▶ ASSIGNMENT
Search the entries for the word "Diamond". Copy each line in which it is found.

++++ DATASET EXCERPTS

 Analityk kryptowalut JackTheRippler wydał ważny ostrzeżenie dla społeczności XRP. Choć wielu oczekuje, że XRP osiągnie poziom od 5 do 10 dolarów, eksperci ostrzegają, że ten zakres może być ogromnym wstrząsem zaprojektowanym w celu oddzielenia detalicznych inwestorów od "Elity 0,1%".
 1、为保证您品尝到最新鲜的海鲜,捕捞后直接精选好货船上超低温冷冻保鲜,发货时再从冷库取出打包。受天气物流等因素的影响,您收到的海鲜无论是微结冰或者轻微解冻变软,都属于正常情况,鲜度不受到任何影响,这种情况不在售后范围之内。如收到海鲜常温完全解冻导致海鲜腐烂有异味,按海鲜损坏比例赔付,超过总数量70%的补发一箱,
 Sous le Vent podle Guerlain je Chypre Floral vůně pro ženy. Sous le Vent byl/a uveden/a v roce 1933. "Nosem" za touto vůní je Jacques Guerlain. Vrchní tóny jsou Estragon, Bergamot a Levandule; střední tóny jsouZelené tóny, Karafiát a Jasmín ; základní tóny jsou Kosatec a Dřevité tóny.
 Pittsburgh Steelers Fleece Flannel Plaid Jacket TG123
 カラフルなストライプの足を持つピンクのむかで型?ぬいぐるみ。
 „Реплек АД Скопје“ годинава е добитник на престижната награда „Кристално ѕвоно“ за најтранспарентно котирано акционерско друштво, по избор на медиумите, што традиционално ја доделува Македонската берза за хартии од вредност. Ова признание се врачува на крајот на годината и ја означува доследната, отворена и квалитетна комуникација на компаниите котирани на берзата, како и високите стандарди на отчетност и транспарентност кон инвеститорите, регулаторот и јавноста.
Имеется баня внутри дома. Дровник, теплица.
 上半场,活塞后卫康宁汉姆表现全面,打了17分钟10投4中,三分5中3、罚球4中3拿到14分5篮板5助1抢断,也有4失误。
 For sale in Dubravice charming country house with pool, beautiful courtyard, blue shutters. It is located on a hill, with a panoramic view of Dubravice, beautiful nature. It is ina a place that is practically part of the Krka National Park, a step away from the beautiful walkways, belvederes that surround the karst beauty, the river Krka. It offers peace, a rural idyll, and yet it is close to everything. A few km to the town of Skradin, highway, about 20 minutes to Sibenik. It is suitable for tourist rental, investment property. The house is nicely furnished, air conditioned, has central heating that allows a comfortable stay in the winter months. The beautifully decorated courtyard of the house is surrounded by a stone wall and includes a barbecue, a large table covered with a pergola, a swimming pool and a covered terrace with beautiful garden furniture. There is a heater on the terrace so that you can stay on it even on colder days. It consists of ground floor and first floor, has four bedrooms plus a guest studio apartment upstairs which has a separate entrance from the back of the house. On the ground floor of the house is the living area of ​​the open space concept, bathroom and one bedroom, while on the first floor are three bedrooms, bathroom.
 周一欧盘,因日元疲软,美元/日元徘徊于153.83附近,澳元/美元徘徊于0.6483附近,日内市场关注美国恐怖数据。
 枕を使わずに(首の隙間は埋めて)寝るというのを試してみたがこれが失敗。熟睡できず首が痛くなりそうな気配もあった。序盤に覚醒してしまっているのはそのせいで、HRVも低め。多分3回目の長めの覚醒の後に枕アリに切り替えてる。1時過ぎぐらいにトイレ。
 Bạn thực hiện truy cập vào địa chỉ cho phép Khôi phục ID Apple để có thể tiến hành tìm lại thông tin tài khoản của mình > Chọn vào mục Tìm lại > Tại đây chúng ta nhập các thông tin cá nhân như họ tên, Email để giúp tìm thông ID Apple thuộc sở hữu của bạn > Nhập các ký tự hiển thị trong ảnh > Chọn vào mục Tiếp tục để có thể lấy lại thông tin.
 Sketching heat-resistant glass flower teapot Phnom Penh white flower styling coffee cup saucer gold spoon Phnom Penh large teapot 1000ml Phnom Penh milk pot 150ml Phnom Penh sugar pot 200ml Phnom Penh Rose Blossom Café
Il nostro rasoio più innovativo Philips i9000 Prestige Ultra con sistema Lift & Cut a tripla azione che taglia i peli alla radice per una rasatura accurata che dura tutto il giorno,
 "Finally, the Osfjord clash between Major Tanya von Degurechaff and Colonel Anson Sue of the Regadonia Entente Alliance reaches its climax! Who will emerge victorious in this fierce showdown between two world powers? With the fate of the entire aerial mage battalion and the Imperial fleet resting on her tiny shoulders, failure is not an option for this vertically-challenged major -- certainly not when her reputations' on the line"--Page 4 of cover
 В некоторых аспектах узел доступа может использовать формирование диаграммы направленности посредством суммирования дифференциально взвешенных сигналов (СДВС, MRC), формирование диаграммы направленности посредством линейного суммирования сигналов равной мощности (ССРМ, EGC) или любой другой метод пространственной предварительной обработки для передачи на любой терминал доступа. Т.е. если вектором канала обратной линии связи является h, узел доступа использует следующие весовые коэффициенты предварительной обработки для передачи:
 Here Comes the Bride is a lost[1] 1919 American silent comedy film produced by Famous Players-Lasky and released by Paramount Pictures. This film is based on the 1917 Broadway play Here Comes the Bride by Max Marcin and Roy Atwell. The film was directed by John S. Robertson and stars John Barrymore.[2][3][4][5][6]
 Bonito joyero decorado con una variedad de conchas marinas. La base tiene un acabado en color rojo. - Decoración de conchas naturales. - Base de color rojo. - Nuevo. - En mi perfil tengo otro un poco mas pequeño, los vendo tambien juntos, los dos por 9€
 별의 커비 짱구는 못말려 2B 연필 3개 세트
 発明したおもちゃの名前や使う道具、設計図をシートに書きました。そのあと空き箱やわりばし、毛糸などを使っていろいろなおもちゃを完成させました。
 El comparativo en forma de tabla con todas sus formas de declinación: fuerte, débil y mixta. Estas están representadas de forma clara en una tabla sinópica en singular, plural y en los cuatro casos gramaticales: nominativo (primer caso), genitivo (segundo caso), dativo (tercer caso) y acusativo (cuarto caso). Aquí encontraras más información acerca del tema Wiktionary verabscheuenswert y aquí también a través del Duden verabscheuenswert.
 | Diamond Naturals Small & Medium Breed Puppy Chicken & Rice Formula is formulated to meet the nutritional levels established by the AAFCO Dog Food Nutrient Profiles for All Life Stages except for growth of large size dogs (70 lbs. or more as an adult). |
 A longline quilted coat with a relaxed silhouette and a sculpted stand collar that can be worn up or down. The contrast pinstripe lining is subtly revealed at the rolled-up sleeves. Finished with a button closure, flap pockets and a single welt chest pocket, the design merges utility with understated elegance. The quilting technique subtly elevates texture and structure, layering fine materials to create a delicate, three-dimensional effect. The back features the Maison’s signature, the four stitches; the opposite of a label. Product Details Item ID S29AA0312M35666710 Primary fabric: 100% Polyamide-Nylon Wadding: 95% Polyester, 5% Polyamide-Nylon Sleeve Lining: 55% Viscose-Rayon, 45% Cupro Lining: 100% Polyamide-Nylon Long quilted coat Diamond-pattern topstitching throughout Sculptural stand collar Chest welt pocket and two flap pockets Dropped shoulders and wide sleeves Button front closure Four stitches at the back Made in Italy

++++++++

▶ EXERCISE OUTPUT
 | Diamond Naturals Small & Medium Breed Puppy Chicken & Rice Formula is formulated to meet the nutritional levels established by the AAFCO Dog Food Nutrient Profiles for All Life Stages except for growth of large size dogs (70 lbs. or more as an adult). |
 A longline quilted coat with a relaxed silhouette and a sculpted stand collar that can be worn up or down. The contrast pinstripe lining is subtly revealed at the rolled-up sleeves. Finished with a button closure, flap pockets and a single welt chest pocket, the design merges utility with understated elegance. The quilting technique subtly elevates texture and structure, layering fine materials to create a delicate, three-dimensional effect. The back features the Maison’s signature, the four stitches; the opposite of a label. Product Details Item ID S29AA0312M35666710 Primary fabric: 100% Polyamide-Nylon Wadding: 95% Polyester, 5% Polyamide-Nylon Sleeve Lining: 55% Viscose-Rayon, 45% Cupro Lining: 100% Polyamide-Nylon Long quilted coat Diamond-pattern topstitching throughout Sculptural stand collar Chest welt pocket and two flap pockets Dropped shoulders and wide sleeves Button front closure Four stitches at the back Made in Italy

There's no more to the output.